Energy Efficiency for Cold and Dry Climate

Nature of the Climate

  • High Altitudes create very cold climate experiences in these regions.
  • The temperature ranges between 20 - 30°C in summers, conversely in winters ranges from -3°C to -8°C. 
  • Site analysis is highly required to find the balance and to design the climate-responsive building.

Physiological Objectives

  • Exposure to cold winds should also be minimized. The main objectives of building design in these zones are resisting heat loss and promote heat gain.
  • To resist heat loss, the designers should consider decreasing the exposed surface area of the building. To create buffer spaces between the living area and the outside. Along, Decreasing the rate of ventilation inside the building.
  • Promoting heat gain by avoiding excessive shading, since solar gains would be beneficial. Also, utilising the heat from appliances.

Design Objective

  • Capturing the solar heat as much as possible is important but at the same time, insulation is equally important. 
  • A building needs to be insulated properly to retain the internal heat with minimum loss to the environment.

Form and Planning

  • The south slope of a hill or mountain is ideal locations for buildings for better access to solar radiation. 
  • Locating the building on the leeward side would help reduce exposure to the harsh cold winds. 
  • Unfortunately, if the southern side of the building is windward, then proper glazing would keep the cold wind from entering the building.
  • Natural wind barriers are helpful when choosing a building’s location at the site.
  • A compact design with a small surface to volume ratio again to reduce heat loss. 
  • South Side Windows should be large to facilitate direct gain. The northern side needs to be well-insulated. 
  • Living areas can be located on the southern side while utility area such as stores can be on the northern side. Lobbies at the entrance and exit points of the building need air lock zone buffers to keep the cold out and reduce heat loss.
  • The heat generated by appliances in rooms such as kitchens may be used to heat the other parts of the building.

External Spaces

  • Like hot and dry climate the adjacent building and open spaces need to be clustered together to minimize exposure to cold winds. 
  • Open spaces between buildings should allow maximum solar rays to the building. 
Street width can create undesired wind speed increase, theu need to be wide enough to avoid this problem.
  • The street orientation should be east-west to allow for the maximum south sun. The street should be wider to prevent the buildings from shading over each other. 

Roof and Walls

  • The heavy structure envelope and constructional patterns based on the thermal adaptive behaviours of residents could improve the indoor thermal environment. 
  • In summer, semi-basement areas provide maximum thermal comfort, followed by night ventilation. 
  •  In winter, passive solar heating and semi-basement are both useful. The indoor air temperature was higher in the bedroom located at the south semi-basement compared with other rooms. 

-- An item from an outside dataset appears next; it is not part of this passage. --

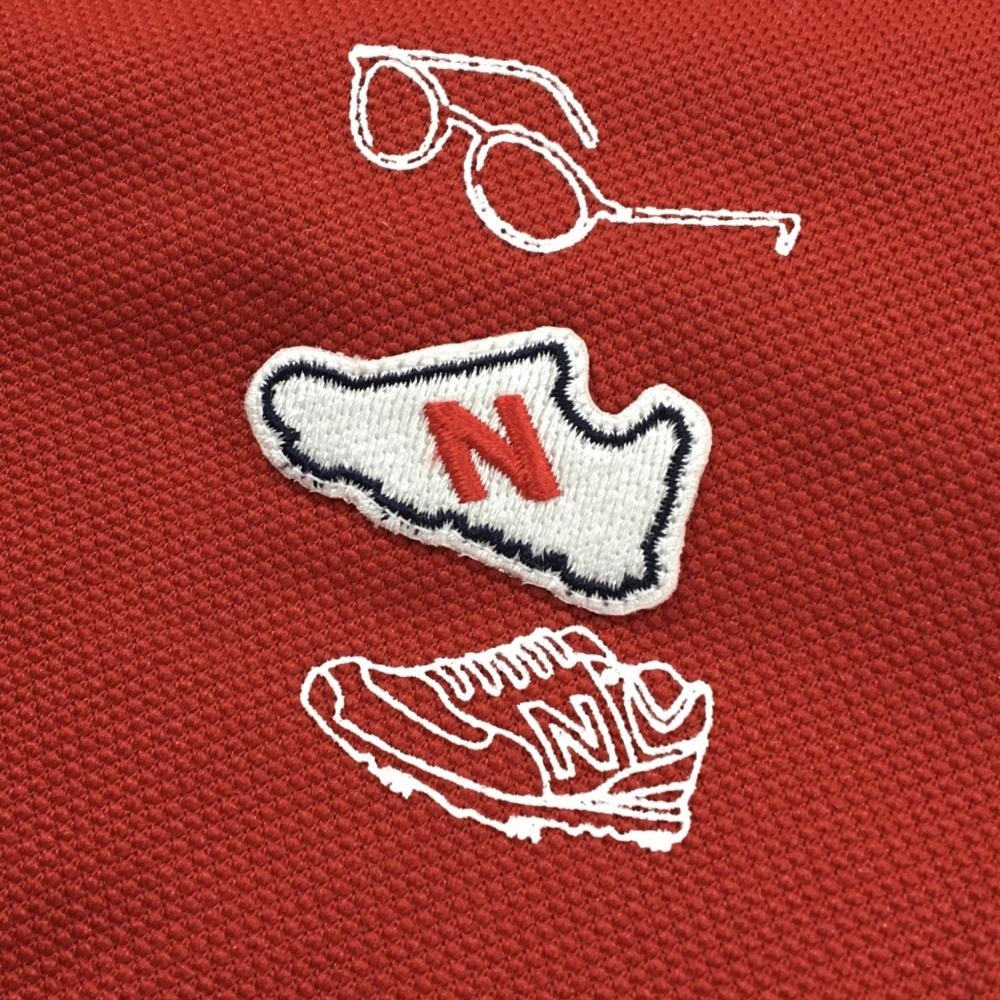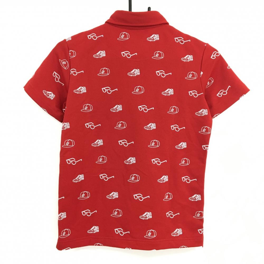 【超美品】ニューバランスゴルフ 半袖ポロシャツ レッド×白 総柄 キャップ スニーカーワッペン レディース 0(S) ゴルフウェア New Balance

Insulation instead of Ventilation

  • The roof and the ceilings need feasible internal insulation such as polyurethane foam (PUF), thermocol, wood wool, etc. Aluminium foil is generally used between the insulation layer and the roof to reduce heat loss to the exterior.
  • The south-facing side of the roof can use a solar air collector hot air from it can be used for space heating purposes.
  • Skylights allow heat gain and provide light in winters. Skylights with shutters for avoiding overheating in summers.
  • The side which is exposed for maximum solar radiation is advisable to have high thermal capacity such as Trombe wall to store day time heat for later use. 
  • The insulation should have a sufficient vapour barrier on the warm side to avoid condensation.

Vernacular observations

  • Landform plays a crucial deciding factor for vernacular architecture. The south side of the hill is an ideal location for a building.
  • Cold Deserts frequently experience snow. The mountainous areas have little vegetation. 
  • Vernacular Materials used Earth, soil, wood, timber, lime, cement, etc., materials that have high thermal capacity and high time lag to reduce heat loss.
  • The Roof is made of Mud on wooden ballies, timber, bamboo, thatch, etc.
  • For Instance, the Construction of the Ladakhi Roof includes a layer of rough soil, “markalak” clay, layer of soil on the roof is applied wet, which is a mix that includes straw and organic waste. Ladakhi roof also includes a layer of Ladakhi “yagtses” grass, a traditional stop-gap layer.
  • The construction of Walls was made with sun-dried mud bricks or rammed earth panels.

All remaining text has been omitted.